On est donc sur le terrain de la coopération intergouvernementale, quoiqu’elle soit complètement intégrée dans le dispositif institutionnel communautaire. Comment s’établira l’équilibre final ? Qu’est-ce qui l’emportera des principes et objectifs, ou des restrictions dont ils sont assortis ? Difficile à dire tant le dispositif qui résulte du nouveau compromis est alambiqué, ambigu, sinon contradictoire.

2/ Le (léger) renforcement des pouvoirs des parlements nationaux

Le principe de subsidiarité a toujours bonne presse. Mais la contradiction inhérente à sa conception communautaire et la faiblesse de son contrôle n’étaient pas étrangères à la percée du « non ». Aussi le Conseil européen avait-il demandé d’introduire deux améliorations qui, sans toucher au cœur du dispositif communautaire, puissent apaiser un peu les esprits. Elles figurent dans le protocole n° 2.
La première porte sur le délai accordé aux parlements nationaux pour examiner les projets d’actes législatifs et donner un avis motivé sur le respect du principe de subsidiarité : il passe de six à huit semaines.
La seconde institue un mécanisme dit de « contrôle renforcé » de la subsidiarité : si la majorité[6] des parlements nationaux conteste un projet d’acte législatif de la Commission, celle-ci doit le réexaminer. Si elle décide de le maintenir, elle émet un avis motivé qui enclenche une procédure particulière au terme de laquelle l’acte litigieux n’est définitivement retiré que si la majorité du Parlement européen ou 55% des membres du Conseil confirment son incompatibilité avec le principe de subsidiarité.
Fort bien ! Mais n’est-ce pas une fausse fenêtre ? La charge de la preuve repose sur les contestataires alors que le principe de subsidiarité est rédigé de telle sorte que sa critique est à peu près impossible à formaliser juridiquement dans le cadre imparti par les traités ; le délai d’examen reste tellement court que l’on ne voit pas comment les 27 parlements nationaux auraient le temps de se concerter pour parvenir à une position majoritaire ; enfin le dernier mot appartient, encore et toujours, aux instances communautaires qui demeurent juge et partie.
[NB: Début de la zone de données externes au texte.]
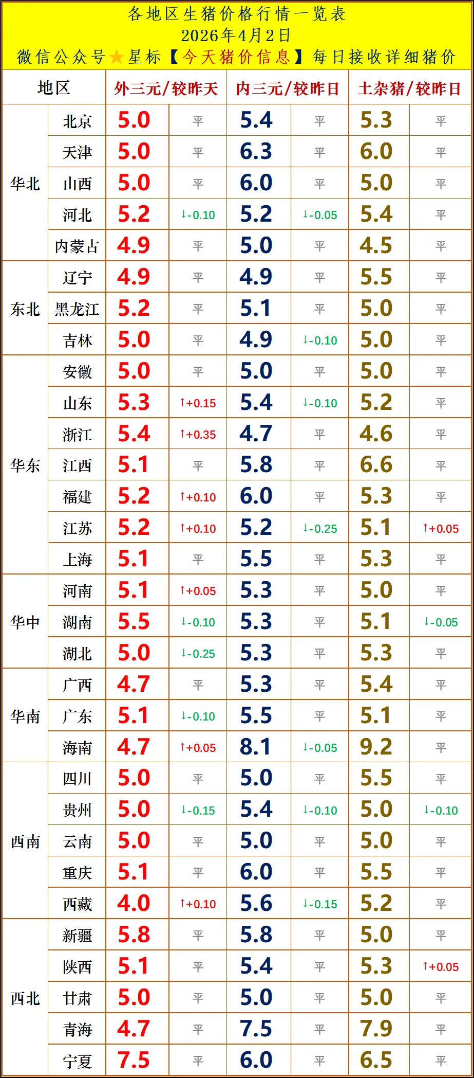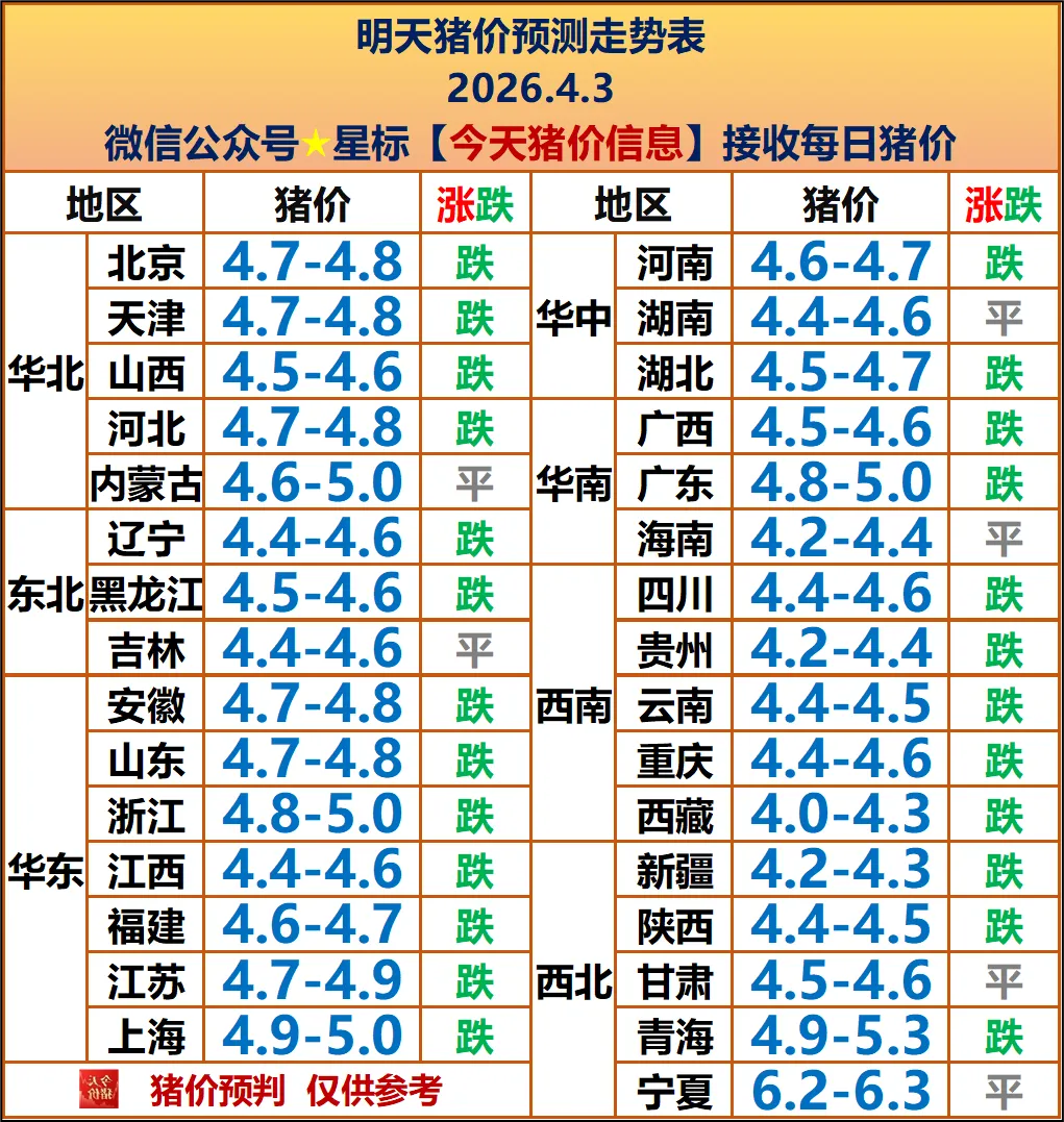 明天(4 月 3 日)全国猪价稳中偏弱,延续震荡磨底态势。短期难有大幅反弹,区域分化持续,华东、华南部分区域维持 4.6-5.2 元 / 斤,北方产区多在 4.4-4.8 元 / 斤,海南价格相对低洼。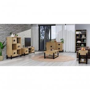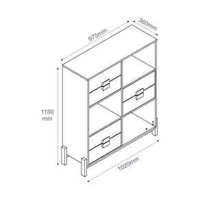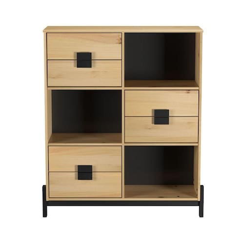 Ela apresenta três nichos abertos e seis gavetas, oferecendo uma combinação perfeita entre exposição e organização.

3/ Une amorce d’encadrement des compétences communautaires et de la Cour de justice

S’il est un principe général du droit international communément admis et dont l’article 55 de notre Constitution se fait l’écho, c’est bien que « les traités ou accords internationaux régulièrement ratifiés ou approuvés ont une autorité supérieure à celle des lois ». On a eu l’occasion de montrer aussi à quelles dérives pouvait conduire la logique purement juridique d’application de ce principe quand s’ajoutent aux traités un droit dérivé et une Cour de justice. En principe chargée de veiller à leur respect, celle-ci se comporte en pratique comme un militant de l’intégration et de la communautarisation. Un arrêt de la CJUE rendu en septembre 2005 [7] contre le Conseil a cependant fait déborder le vase. Aussi le Conseil a-t-il souhaité la pose de plusieurs garde-fous.
Ils y sont et leur présence est quand même susceptible d’infléchir la trajectoire antérieure. Ils sont de deux ordres.
D’abord une série de rappels sur le respect des compétences respectives de l’Union et des États membres. Outre celui que l’on vient de mentionner à propos de la politique étrangère, la CIG a adopté deux déclaration interprétatives :
  • « le fait que l’Union a une personnalité juridique ne l’autorisera en aucun cas à légiférer ou à agir au-delà des compétences que les États membres lui ont attribuées dans les traités » (déclaration n° 32);
  • même si les compétences de l’Union sont nombreuses et vastes, le principe d’attribution empêche que cette énumération puisse « constituer un fondement pour élargir le domaine des compétences de l’Union au-delà du cadre général résultant de l’ensemble des traités, et en particulier de celles qui définissent les actions et les misions de l’Union » (déclaration n° 37).
Ensuite, a été supprimé l’article de principe qui, dans l’ex-TCE, avait heurté beaucoup de gens et contribué à l’émergence du « non » par le bouleversement qu’il exprimait. Cet article déclarait que « la Constitution et le droit adopté par les institutions de l’Union, dans l’exercice des compétences qui sont attribuées à celle-ci, priment le droit des États membres ».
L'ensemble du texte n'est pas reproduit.